And let's assume that it takes 1 second to complete every time it gets a request.
When Cloud Function receives the 1st request, it will spin up an instance to respond it.
QUESTION
How does that instance behave when multiple requests are coming?
From: https://cloud.google.com/functions/docs/concepts/exec
Each instance of a function handles only one concurrent request at a time. This means that while your code is processing one request, there is no possibility of a second request being routed to the same instance. Thus the original request can use the full amount of resources (CPU and memory) that you requested.
Does it mean that during that 1 second when my ssrApp function is running, if somebody hits my app URL, it is guaranteed that Cloud Function will spin up another instance for that second request? Does it matter if the function does only sync calls or some async calls in its execution? What I mean is, could an async call free the instance to respond to another request in parallel?

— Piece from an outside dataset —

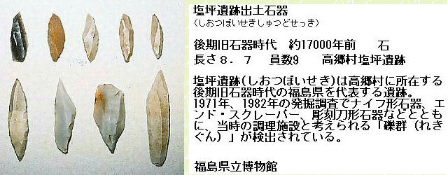 耶麻郡高郷村の塩坪遺跡は、後期旧石器時代の福島県を代表する旧石器時代の遺跡で、今から1万5,000〜1万4,000

Does it mean that during that 1 second when my ssrApp function is running, if somebody hits my app URL, it is guaranteed that Cloud Function will spin up another instance for that second request?
That's the general behavior, although there are no guarantees around scheduling.
Does it matter if the function does only sync calls or some async calls in its execution? What I mean is, could an async call free the instance to respond to another request in parallel?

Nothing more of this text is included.